Nato expansion set to top agenda as Blinken meets new Turkish foreign minister Fidan in London

Nato expansion set to top agenda as Blinken meets new Turkish foreign minister Fidan in London
Former head of Turkey's intelligence services Hakan Fidan, right, has succeeded Mevlut Cavusoglu, left, as Turkish foreign minister. / kremlin.ru
By bne IntelIiNews June 19, 2023

US Secretary of State Antony Blinken will reportedly meet with newly appointed Turkish Foreign Minister Hakan Fidan in London on the sidelines of a June 21-22 Ukraine recovery conference.

Al-Monitor on June 19 reported diplomatic sources as confirming the meeting and saying that the top agenda item would be Turkey’s continued objections to Sweden’s accession to Nato. The sources declined to comment on who requested the meeting.

Blinken pressed Fidan, Turkey’s former spymaster, on Sweden’s bid to join Nato in a call made to congratulate him on his appointment on June 8.

The hypothetical scenario in which Turkey removes its veto on Sweden’s application to join Nato after the US Congress sets aside its objections to Ankara acquiring F-16 fighter jets remains under discussion among analysts.

Turkey remains opposed to the Swedish bid to join the transatlantic defence bloc on the basis that Sweden is harbouring members, recruiters and fundraisers of groups it describes as “terrorist”, including the Kurdistan Workers’ Party (PKK), the Syrian Kurdish Democratic Unity Party (PYD)—a US ally in the anti-Islamic State coalition in Syria—and the so-called Fethullah Terrorist Organisation (FETO), which Ankara accuses of masterminding the 2016 coup attempt against President Recep Tayyip Erdogan.

Erdogan last week reiterated that he finds Stockholm’s efforts at addressing Turkey’s concerns over the groups unsatisfactory. That’s despite Stockholm introducing a new counterterrorism law, amending its constitution and cutting off its aid to the PYD. Erdogan wants more, including a crackdown on demonstrations against his regime in Sweden and more action on extraditions, though on the latter point the Swedes point out they have an independent judiciary, which cannot be given instructions one way or the other on extraditions. The state of the Turkish judicial system is, meanwhile, an impediment when it comes to the Turks attempting to have individuals extradited.

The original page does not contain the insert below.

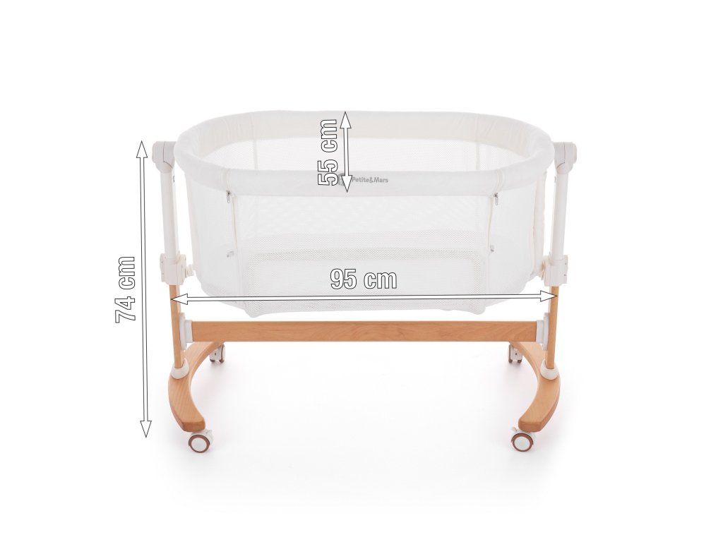 - Výška postieľky je nastaviteľná do 5 polôh, ľahko ju prispôsobíte výške rodičovskej postele (vhodná je pre postele, ktoré majú vrch matraca vo výške 56,5 – 68,5 cm)

Paul Levin, director of the Stockholm University Institute for Turkish Studies, was on June 18 quoted by Al-Monitor as saying that the prospects of Sweden joining the alliance before the annual Nato summit on July 11-12 in Lithuanian capital Vilnius are dim, saying: “The chances of a Swedish membership by Vilnius just got a lot smaller with Erdogan’s recent statement. Sweden is unlikely to change its long tradition of liberal freedom of speech protections.

“So my guess is that it is now largely a question of whether negotiations over F-16s between Ankara and the US Congress can reach a successful conclusion. Congress wants Turkey to ratify Sweden’s Nato membership before approving the sales. Ankara wants the jets before letting Sweden in.”

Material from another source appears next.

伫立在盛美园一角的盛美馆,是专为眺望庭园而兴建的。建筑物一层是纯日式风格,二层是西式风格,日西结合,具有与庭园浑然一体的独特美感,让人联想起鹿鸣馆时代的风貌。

Turkey is unable to obtain F-35 fighter jets from the US because the US threw Ankara out of the F-35 programme after Erdogan went ahead and bought S-400 advanced missile defence systems from the Kremlin. Under pressure to maintain and upgrade the Turkish air force fleet, Turkey in late 2021 then announced its intention to use the $1.4bn Turkey gave to the US for ordered F-35s to instead purchase upgraded models of F-16s.

Congress subsequently added Turkey’s approval of Sweden’s Nato bid as a condition for the F-16 sale.

The Turkish side regard that precondition as unacceptable.